画像生成AIにおけるClip Skip値の優位性

2023年5月2日 12:10

はじめに

皆さん、Clip Skipの値を気に留めたことはありますか？
画像生成AIには、Clip Skipという項目を目にしたことがある方が多いと思いますが、正直何のことかよくわかっていない方も多いと思います。
そこで、今回はClip Skipに関する内容を、紐解いていってみようと思います。

Clip Skipとは

This is a slider in settings, and it controls how early the processing of prompt by CLIP network should be stopped.

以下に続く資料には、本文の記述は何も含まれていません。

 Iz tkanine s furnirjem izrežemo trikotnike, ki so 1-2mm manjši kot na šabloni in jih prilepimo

A more detailed explanation:

CLIP is a very advanced neural network that transforms your prompt text into a numerical representation. Neural networks work very well with this numerical representation and that's why devs of SD chose CLIP as one of 3 models involved in stable diffusion's method of producing images. As CLIP is a neural network, it means that it has a lot of layers. Your prompt is digitized in a simple way, and then fed through layers. You get numerical representation of the prompt after the 1st layer, you feed that into the second layer, you feed the result of that into third, etc, until you get to the last layer, and that's the output of CLIP that is used in stable diffusion. This is the slider value of 1. But you can stop early, and use the output of the next to last layer - that's slider value of 2. The earlier you stop, the less layers of neural network have worked on the prompt.

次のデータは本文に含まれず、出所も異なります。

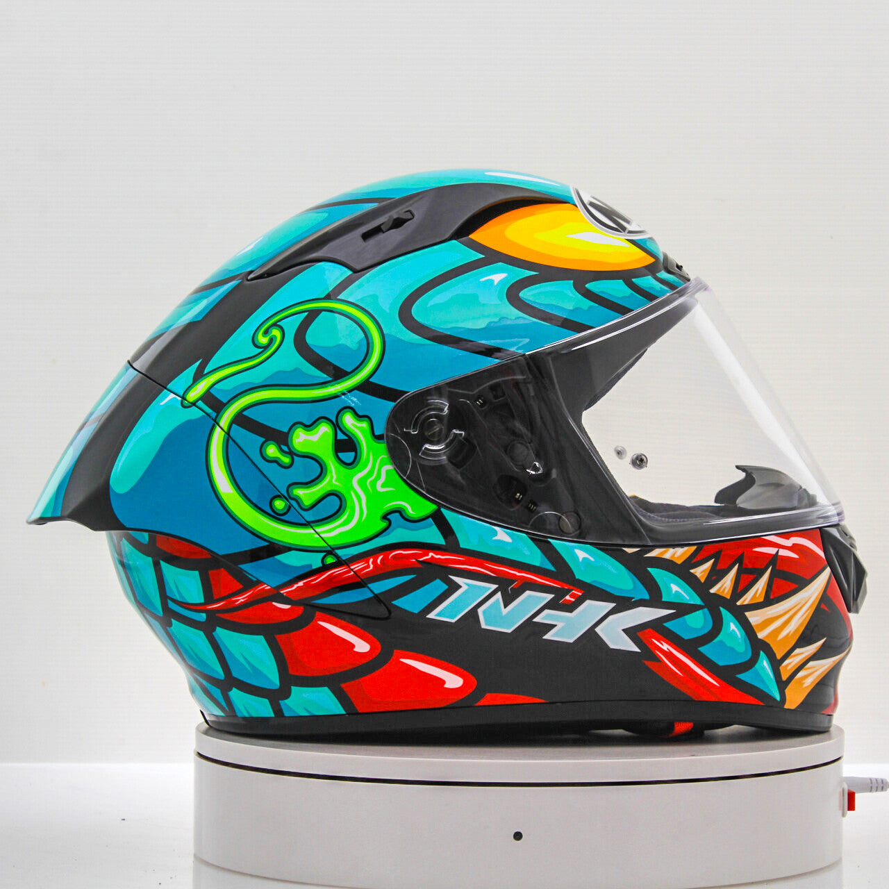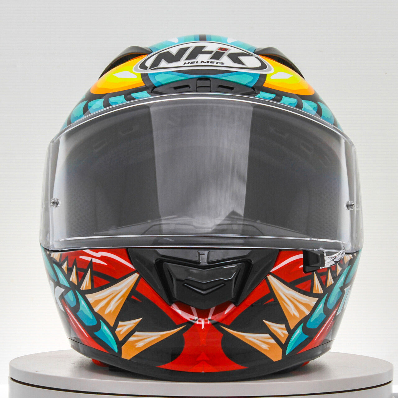 Erleben Sie den ultimativen Motorradhelm mit dem NHK GP-R Tech Race, der FIM-zugelassen ist und eine (AFRC) Advanced Fiberglass Reinforced Composite-Verbundschale in fünf Größen bietet, die perfekte Passform und Schutz garantiert. Der AFRC ist ein Verbundwerkstoff, der aus einer Matrix und Verstärkungsfasern besteht. Die Matrix ist in der Regel ein Polymer (z. B. Epoxidharz), während die Verstärkungsfasern aus Glasfasern bestehen. Mit neun Innenschalengrößen und zwölf Helmgrößen finden Sie immer die ideale Passform. Unser 4D-Air Lüftungssystem sorgt für eine optimale Belüftung und ein angenehmes Tragegefühl, während das Premium und komfortable Innenfutter höchsten Komfort bietet.Der Helm wurde aerodynamisch in den Klassen der MotoGP getestet und verfügt über ein flaches Visier mit "Wide Angle View" für ein erweitertes Sichtfeld. Das Pin-Lock & Tear-off-ready Visier gewährleistet klare Sicht unter allen Bedingungen. Dank des 100% vollmechanischen Visiersystems ist der Wechsel des Visiers einfach und schnell.Das herausnehmbare und waschbare Innenfutter sorgt für einfache Pflege und Hygiene. Der Helm ist zudem vorbereitet für einen "Camel-Bag" und kann problemlos mit Brille getragen werden. Das Doppel-D-Ring-Rückhaltesystem und die Wange zur Notabnahme bieten zusätzliche Sicherheit und Stabilität. Der Helm wurde im Windkanal getestet, um beste Leistung bei hoher Geschwindigkeit zu gewährleisten.

Some models were trained with this kind of tweak, so setting this value helps produce better results on those models.

出典元：AUTOMATIC1111 Github Features - Clip Skip
https://github.com/AUTOMATIC1111/stable-diffusion-webui/wiki/Features#clip-skip

Using Hidden States of CLIP’s Penultimate Layer

Stable Diffusion uses the final hidden states of CLIP’s transformer-based text encoder to guide generations using classifier free guidance.

In Imagen (Saharia et al., 2022), instead of the final layer’s hidden states, the penultimate layer’s hidden states are used for guidance.

Discussions on the EleutherAI Discord also indicated, that the penultimate layer might give superior results for guidance, as the hidden state values change abruptly in the last layer, which prepares them for being condensed into a smaller vector usually used for CLIP based similarity search.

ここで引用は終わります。